Key words: MADS-box, vegetative development, reproductive development, phylogenetic analysis, ESTs.


Members of the MADS-box gene family share a highly conserved DNA-binding domain of approximately 180 nucleotides. This domain allows the protein to behave as a transcriptional regulator and is called the MADS-box domain. In flowering plants, these proteins play important roles in a wide range of important biological functions, including the control of flowering time, the determination of floral meristem identity, the establishment of floral organ identities, fruit development, seed pigmentation and endothelium development and the control of vegetative development (Michaels et al., 2003; Gu et al., 1998; Pelaz et al., 2000; Liljegren et al., 2000; Nesi et al., 2002; Zhang and Forde, 2000).

Phylogenetic analyses of regulatory multigene families provided hard evidence for an ancient gene duplication event of a MADS-box precursor that took place before the divergence of plants, animals and fungi (Alvarez-Buylla et al., 2000a). This duplication gave rise to two main MADS-box lineages, referred to as type I and type II (Alvarez-Buylla et al., 2000a) that exhibit different functional domains.

Plant type II MADS-box genes, for instance, share a characteristic stereotypic organization in their functional domains. Typical type II proteins, the so-called MIKC-type, consist of two variable Carboxyl-terminal (C-) and Intervening (I-) and two well-conserved MADS-box (M-) and Keratin-like (K-) domains. The MADS-box domain (MEF2-like - MYOCYTE ENHANCER FACTOR2-like) is located at the N-terminal of the protein and it determines DNA-binding, dimerization and accessory factor binding functions (Shore and Sharrocks, 1995). The K-domain probably forms a coiled-coil structure and it is critical in protein-protein interactions (Davies et al., 1996; Fan et al., 1997). On the other hand, I-domain constitutes a determinant for the formation of DNA-binding dimers (Riechmann and Meyerowitz, 1997). Finally, the C-terminal region is poorly conserved and may function as a trans-activation domain (Riechmann and Meyerowitz, 1997).

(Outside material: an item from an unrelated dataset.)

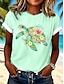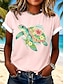 Damen T Shirt Druck Grafik Meeresschildkröte Mode Stilvoll Klassisch Kurzarm Rundhalsausschnitt Normale Oberteile Lässig Täglich Wochenende Blau Weiß Rosa Purpur Grün Sommer Frühling

In contrast, type I MADS-box genes are characterized by an SRF-like MADS domain (SERUM RESPONSE FACTOR-like) and the lack of a well-defined K domain. Type I proteins classification separates the group into two main distinct classes, class M and N. This classification is based on the presence of certain conserved class specific motifs that allow alignment of longer regions in the type I than in type II MADS-box proteins. A third class (class O) does not feature the conserved motifs in the C-terminal region (De Bodt et al., 2003). Up until now only the single type I MADS-box gene, PHERES1 of Arabidopsis thaliana, has been fully characterized. This gene is transiently expressed during embryo and endosperm development and it is currently associated with seed abortion in a specific mutant background (Köhler et al., 2003). Even though a rough description of the evolution of this complex family has been available, it was not until the completion of the A. thaliana genome sequence that a better defined picture has emerged (A. thaliana Genome Initiative, 2000).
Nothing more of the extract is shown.